Doctoral Researchers

Supervisors: Brigitte Voit, Franziska Lissel, Larysa Baraban

Molecular Organic Semiconductors (OSCs) present a promising alternative to established inorganic materials due to the accessibility of diverse, well-defined and highly regular structures composed of abundant elements. Additionally exhibiting inexpensive solution-processability, OSCs allow the utilization of high-throughput techniques, such as printing, for device fabrication.

The high (electro-)chemical stability and suitable charge-carrier mobilities of oligothiophenes, in combination with facile functionalization routes, render them a convenient class for the exploration and establishment of structure-property relationships.
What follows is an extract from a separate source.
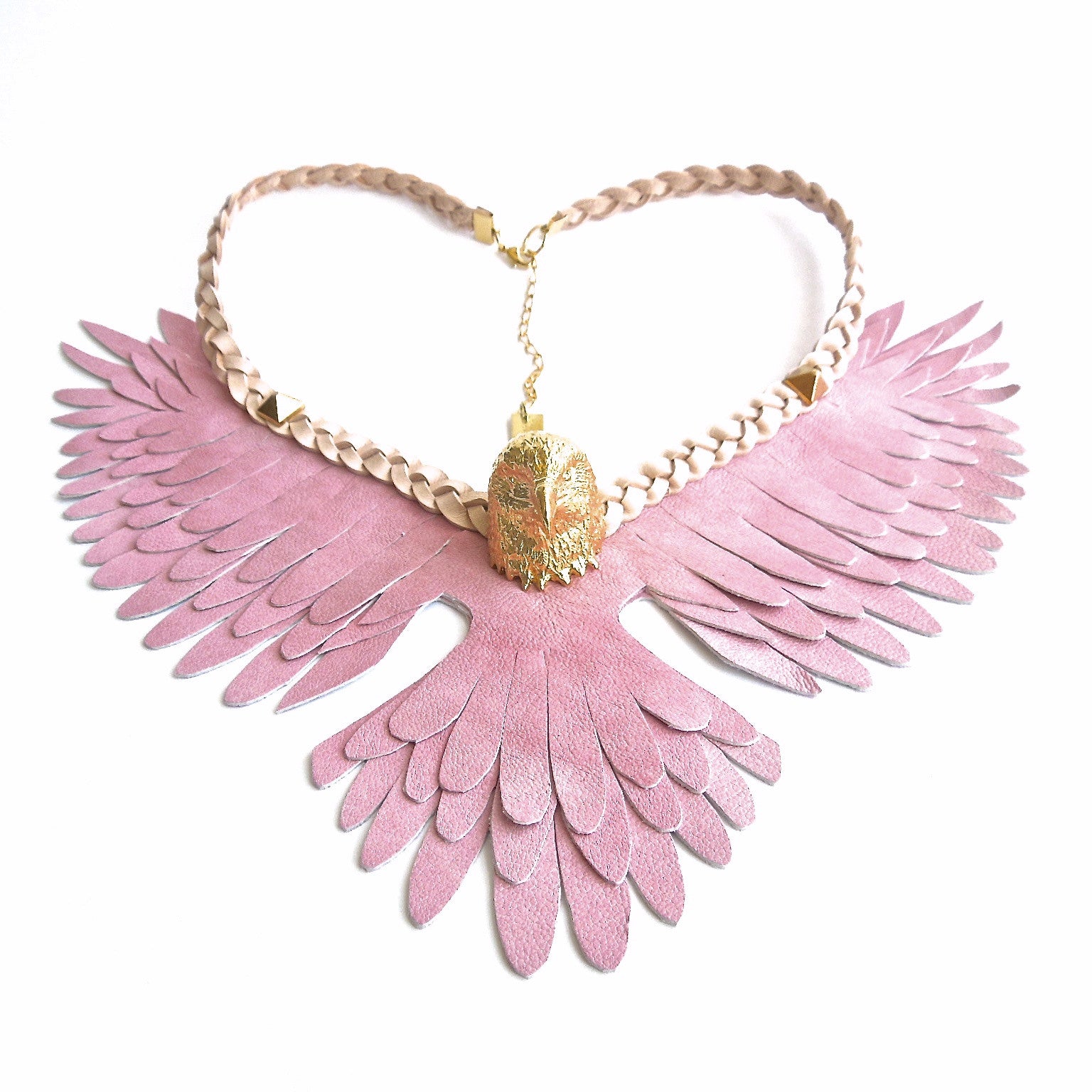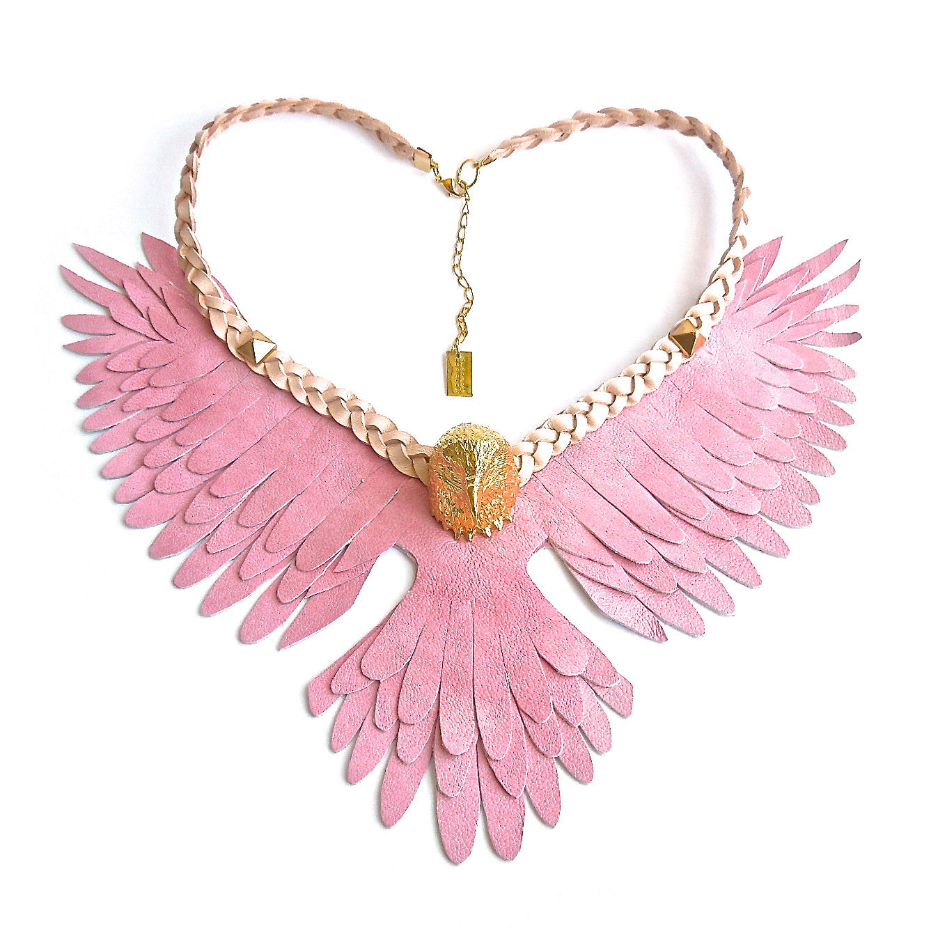 Collar realizado a mano totalmente en genuina piel rosa de primera calidad, en tres capas, con cabeza de águila tallada a mano en latón con baño de oro de 24 kts. El largo del collar es ajustable con la trenza de piel y la cadena posterior. Edición limitada.

The aim of this work is the synthesis of dynamic supramolecular structures based on linear all-α-oligothiophenes with varying backbone lengths. Incorporating multiple hydrogen bonding sites on the oligomers allows building crosslinked and responsive networks, and the weak bonding character can potentially enhance resilience towards mechanical deformation as well as conclusively enabling self-healing properties. As minimal changes in the material’s molecular weight upon the introduction of functional groups are favorable in order to maximize the thiophene’s gravimetric capacity, the choice of H-bonding motifs, each composed of donor (D) and acceptor (A) sections, is guided by limiting their size.